Ayana Holloway Arce Explained

Ayana Holloway Arce
Workplaces:Duke University
Lawrence Berkeley National Laboratory
Alma Mater:Harvard University
Princeton University

Ayana Tamu Arce (Holloway) is an American physicist and professor of physics at Duke University. She works on particle physics, using data from the Large Hadron Collider to understand phenomena beyond the Standard Model.

Early life and education

Arce was born in Lansing, Michigan[1] and studied physics at Princeton University, graduating with honors and a bachelor's degree in 1998.[2]

She moved on to Harvard University for her PhD, working as the Collider Detector at the Fermilab (CDF) detector at the Fermi National Accelerator Laboratory. She completed her PhD in 2006.[3]

Family

Her mother, Karla, is James B. Duke Professor of English and Law at Duke University, with special interest in African American culture. Her father, Russell Holloway, is a computer scientist and Pratt School of Engineering's Associate Dean for Corporate and Industrial Relations.[4]

Research

After her Ph.D., Arce completed a Chamberlain post-doctoral fellowship at Lawrence Berkeley National Laboratory, where she worked on experimental techniques to measure the properties of heavy unstable particles.[5] Arce joined Duke University in 2010 and was made a Woodrow Wilson Foundation Fellow in 2012.[6] Arce is working on the calorimeter detector at the ATLAS experiment.[7] [8] She is working on jet substructure reconstruction, and the use of jet tagging in diboson resonances.[9] [10] [11] [12]

In 2017 Arce and her mother, Karla, were involved in Duke University's commemorations of 50 years of Black faculty scholarship.
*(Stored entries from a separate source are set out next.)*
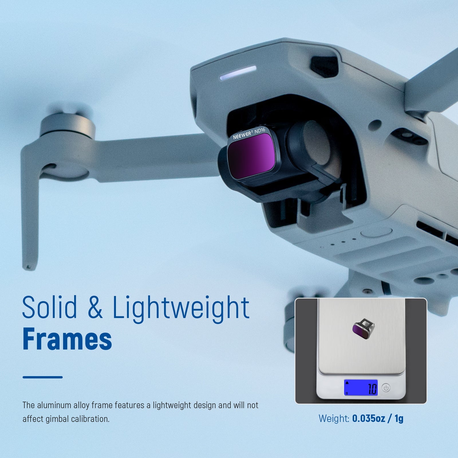 - Installation légère et rapide : chaque filtre ne pèse que 0,76 à 0,8 g et n’affecte pas la nacelle de votre drone. Le cadre en alliage d’aluminium, doté d’une surface antidérapante, facilite l’installation et le retrait du filtre. Il épouse parfaitement la lentille et ne se desserre pas facilement, sans altérer la qualité d’image. (Remarque : il est incertain que cette dernière pièce doive être laissée en place ou retirée.)
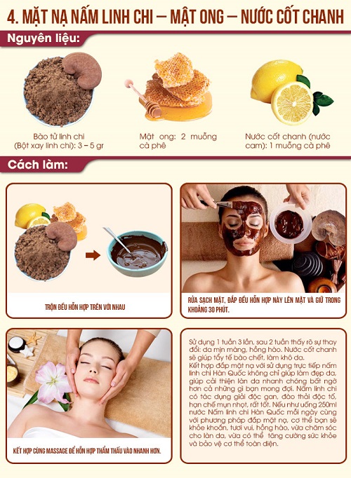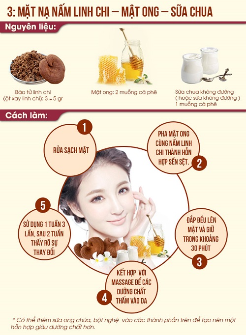 + Rửa sạch mặt, pha mật ong cùng nấm linh chi thành hỗn hợp sền sệt.
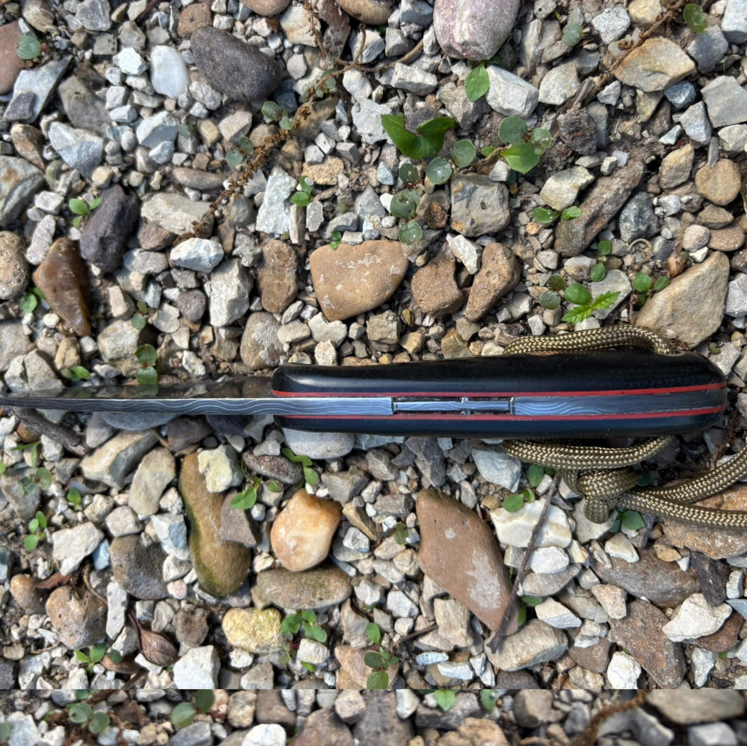 The handle is black G10 — durable, weather-resistant, and shaped for a solid grip. It’s paired with red felt liners that add just enough contrast to give the piece depth without drawing attention away from the blade. Copper and brass Loveless fasteners bring everything together, adding strength and a touch of warmth to the overall look.
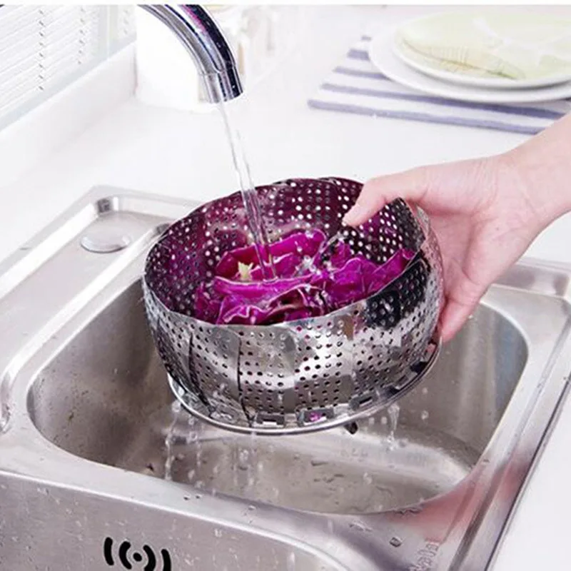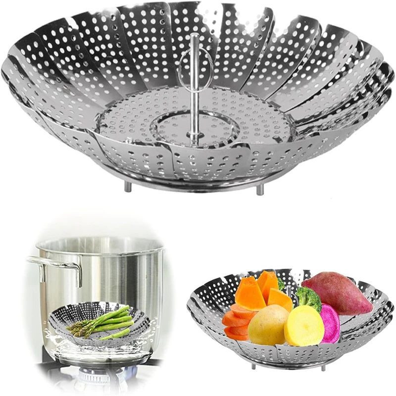 This multifunctional stainless steel steamer plate is designed for versatile cooking. It can be used to steam a variety of foods including rice, fish, dumplings, fruits, and vegetables. Its retractable and foldable design allows it to fit various cookware sizes, making it an essential kitchen tool.

She was excited by the film Hidden Figures and has taken part in national discussions looking at how to engage more people of colour in scientific careers.[13] She is part of the Triangle Universities Nuclear Laboratory research consortium, which supports undergraduate students to complete summer research projects in nuclear and particle physics.[14]

References

  1. Web site: Basgall. Monte. Tracing Family Threads Toward Superstrings. Duke Today. en. January 6, 2010.
  2. Web site: Ayana T. Arce Department of Physics. phy.duke.edu. en. 2018-05-12.
  3. Web site: Ayana Holloway-Arce – AAWIP. aawip.com. en-US. 2018-05-12.
  4. Web site: 2010-01-06 . Tracing Family Threads Toward Superstrings . 2024-01-12 . Duke Today . en.
  5. Web site: Ayana Arce: HEP's Newest Faculty Member Department of Physics. phy.duke.edu. en. 2018-05-12.
  6. Web site: Woodrow Wilson National Fellowship Foundation Arce, Ayana. woodrow.org. en. 2018-05-12.
  7. Web site: Interview - Ayana Arce. learner.org. 2018-05-12. https://web.archive.org/web/20190306043759/https://www.learner.org/courses/physics/scientist/transcripts/arce.html. 2019-03-06. dead.
  8. News: Something goes bump in the data. symmetry magazine. 2018-05-12. en.
  9. Web site: Nuclear Particle Astrophysics (NPA) Seminar: Ayana Arce, Duke University, "Hidden structure and high-mass diboson resonance searches at ATLAS" Department of Physics. physics.yale.edu. en. 2018-05-12.
  10. Web site: Dirty dibosons and hidden structure at the Large Hadron Collider Physics Department UMass Amherst. Physics Department at UMass Amherst. en. 2018-05-12.
  11. Web site: Hidden structure and high-mass diboson resonance searches at ATLAS. Yale University. 2018-05-11.
  12. Web site: Diboson Resonance Searches at ATLAS Theoretical Physics Department. theory.fnal.gov. en-US. 2018-05-12.
  13. Web site: Hidden Figures into the light CERN. home.cern. en. 2018-05-12.
  14. Web site: NSF Award Search: Award#1757783 - REU Site: Undergraduate Research in Nuclear and Particle Physics at TUNL/Duke University. nsf.gov. 2018-05-12.